PROVIDED DATA -
· · · ·
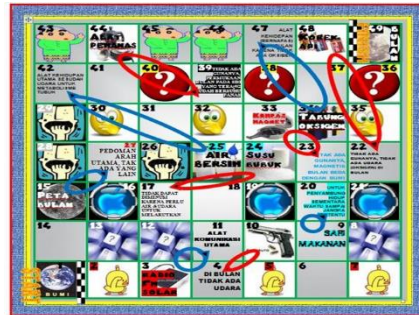
Figure 2. ISO Board

Penggunaan media ISO dalam proses pembelajaran adalah memperjelas penyajian pesan agar tidak terlalu verbal (berupa kata-kata tertulis atau lisan belaka). Kelebihan media ISO antara lain mampu mengatasi keterbatasan ruang belajar karena belajar bisa dimana saja, mampu mengaktifkan indera dengan tujuan melatih hand on and mind on, mengatasi sikap pasif siswa akibat belajar sambil bermain dan mampu untuk menggambarkan stimulus dan pengalaman belajar bagaimana NASA melakukan misinya ke bulan. Dengan demikian, media pembelajaran ISO dapat digunakan sebagai saluran komunikasi antara guru dan siswa sehingga tujuan pengajaran tercapai. Kelemahan media ISO antara lain keterampilan yang dibutuhkan dalam pembuatan media ini. Selain itu, siswa kesulitan menjalankan media ini jika belum membaca panduan permainan ISO karena media ini merupakan modifikasi dari ular tangga. Dadu pintar adalah dadu berbentuk kubus dan ada satuan ukuran di setiap permukaannya, seperti yang ditunjukkan pada Gambar 5. Dadu biasa memiliki angka atau titik di permukaannya. Satuan yang terdapat pada setiap permukaan dadu pintar menunjukkan nilai (atau jangkauan) dari langkah-langkah yang harus diambil. Dadu pintar terbuat dari kayu atau karet
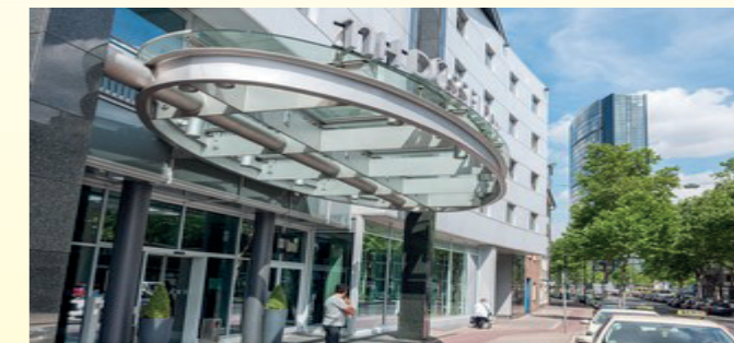
Veranstaltungsort: NH Hotel Düsseldorf City Nord, Münsterstr. 230-238
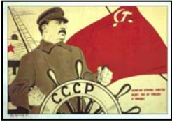
Cartel de propaganda de Stalin presentado como "el gran timonel del comunismo mundial".
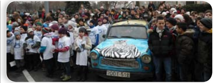
Hatalmas gyereksereg búcsúztatta az afrikai jelmezbe öltözött Trabantokat

Pérez számolva, könyv olvasva jó! Az olvasó pedig díjazva a legjobb! Pontosabban a legjobb olvasó díjazva jó, ám ennek érdekében be kell iratkozni, s a korábbi tagokkal együtt olvasni, kölcsönözni, olvasni, kölcsönözni... és gyűjteni a pontokat. Ne késlekedjen! A játék január idusán ugyan elindult, ám még nem késő – kicsiny lemaradást gyorsan behoz egy jó olvasó! A Kőbánya olvasója verseny részleteit a Kőrösi Kulturális Központban, a könyvtárban megtalálják.
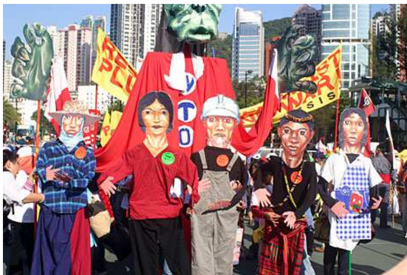
Рис. 23. Демонстрация антиглобалистов

Антиглобалисты. Как ни странно, антиглобалистов также можно считать субкультурой, попавшей под влияние глобализации. С начала 2000-х гг. по всему миру начинают формироваться антиглобалистские движения и организации. Начало было положено во время массовой акции в Сиэтле в декабре 1999 г., которая была связана с прохождением конференции ВТО и направлена против политики экономической глобализации, вызвала большой резонанс в мировом сообществе, спровоцировав демонстрации протеста во Франции, Германии, Канаде и других странах (рис. 23).
· · · ·
EXERCISE - The answer must be the data above, repeated exactly, with no pictures.

SOLUTION TO THE EXERCISE -
Figure 2. ISO Board

Penggunaan media ISO dalam proses pembelajaran adalah memperjelas penyajian pesan agar tidak terlalu verbal (berupa kata-kata tertulis atau lisan belaka). Kelebihan media ISO antara lain mampu mengatasi keterbatasan ruang belajar karena belajar bisa dimana saja, mampu mengaktifkan indera dengan tujuan melatih hand on and mind on, mengatasi sikap pasif siswa akibat belajar sambil bermain dan mampu untuk menggambarkan stimulus dan pengalaman belajar bagaimana NASA melakukan misinya ke bulan. Dengan demikian, media pembelajaran ISO dapat digunakan sebagai saluran komunikasi antara guru dan siswa sehingga tujuan pengajaran tercapai. Kelemahan media ISO antara lain keterampilan yang dibutuhkan dalam pembuatan media ini. Selain itu, siswa kesulitan menjalankan media ini jika belum membaca panduan permainan ISO karena media ini merupakan modifikasi dari ular tangga. Dadu pintar adalah dadu berbentuk kubus dan ada satuan ukuran di setiap permukaannya, seperti yang ditunjukkan pada Gambar 5. Dadu biasa memiliki angka atau titik di permukaannya. Satuan yang terdapat pada setiap permukaan dadu pintar menunjukkan nilai (atau jangkauan) dari langkah-langkah yang harus diambil. Dadu pintar terbuat dari kayu atau karet
Veranstaltungsort: NH Hotel Düsseldorf City Nord, Münsterstr. 230-238
Cartel de propaganda de Stalin presentado como "el gran timonel del comunismo mundial".
Hatalmas gyereksereg búcsúztatta az afrikai jelmezbe öltözött Trabantokat

Pérez számolva, könyv olvasva jó! Az olvasó pedig díjazva a legjobb! Pontosabban a legjobb olvasó díjazva jó, ám ennek érdekében be kell iratkozni, s a korábbi tagokkal együtt olvasni, kölcsönözni, olvasni, kölcsönözni... és gyűjteni a pontokat. Ne késlekedjen! A játék január idusán ugyan elindult, ám még nem késő – kicsiny lemaradást gyorsan behoz egy jó olvasó! A Kőbánya olvasója verseny részleteit a Kőrösi Kulturális Központban, a könyvtárban megtalálják.
Рис. 23. Демонстрация антиглобалистов

Антиглобалисты. Как ни странно, антиглобалистов также можно считать субкультурой, попавшей под влияние глобализации. С начала 2000-х гг. по всему миру начинают формироваться антиглобалистские движения и организации. Начало было положено во время массовой акции в Сиэтле в декабре 1999 г., которая была связана с прохождением конференции ВТО и направлена против политики экономической глобализации, вызвала большой резонанс в мировом сообществе, спровоцировав демонстрации протеста во Франции, Германии, Канаде и других странах (рис. 23).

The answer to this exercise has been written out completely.